在 2025/2/21 18:32, Eric Dumazet 写道:
On Fri, Feb 21, 2025 at 6:04 PM Zhu Yanjun <yanjun.zhu@xxxxxxxxx> wrote:
On 20.02.25 18:56, Jacob Moroni wrote:
In workloads where there are many processes establishing
connections using RDMA CM in parallel (large scale MPI),
there can be heavy contention for mad_agent_lock in
cm_alloc_msg.
This contention can occur while inside of a spin_lock_irq
region, leading to interrupts being disabled for extended
durations on many cores.
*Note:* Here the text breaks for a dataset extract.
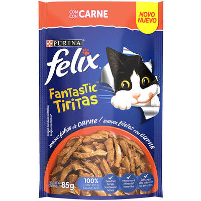 Gatos adultos necessitam de aproximadamente 0,75 a 1 unidade de 85g para 1 kg de peso corporal, dividida em pelo menos duas refeições ao dia. Ajuste a quantidade para manter uma condição corporal ideal e evitar o excesso de peso. Quando oferecido com alimento seco, cada unidade de Felix® equivale a 20 g (1/4 de xícara de 200 ml) de Cat Chow® adulto seco. As mudanças na alimentação do seu gato devem ser feitas gradualmente durante um período de 7 a 10 dias.

Furthermore, it leads to the
serialization of rdma_create_ah calls, which has negative
performance impacts for NICs which are capable of processing
multiple address handle creations in parallel.
In the link:
https://www.cs.columbia.edu/~jae/4118-LAST/L12-interrupt-spinlock.html
"
...
spin_lock() / spin_unlock()
must not lose CPU while holding a spin lock, other threads will wait for
the lock for a long time
spin_lock() prevents kernel preemption by ++preempt_count in
uniprocessor, that’s all spin_lock() does
must NOT call any function that can potentially sleep
ex) kmalloc, copy_from_user
hardware interrupt is ok unless the interrupt handler may try to lock
this spin lock
spin lock not recursive: same thread locking twice will deadlock
keep the critical section as small as possible
...
"
And from the source code, it seems that spin_lock/spin_unlock are not
related with interrupts.
I wonder why "leading to interrupts being disabled for extended
durations on many cores" with spin_lock/spin_unlock?
I am not against this commit. I am just obvious why
spin_lock/spin_unlock are related with "interrupts being disabled".
Look at drivers/infiniband/core/cm.c
spin_lock_irqsave(&cm_id_priv->lock, flags);
Thanks a lot. spin_lock_irq should be spin_lock_irqsave?
Follow the steps of reproducer, I can not reproduce this problem on
KVMs. Maybe I need a powerful host.
Anyway, read_lock should be a lighter lock than spin_lock.
Thanks,
Reviewed-by: Zhu Yanjun <yanjun.zhu@xxxxxxxxx>
Zhu Yanjun
-> Then call cm_alloc_msg() while hard IRQ are masked.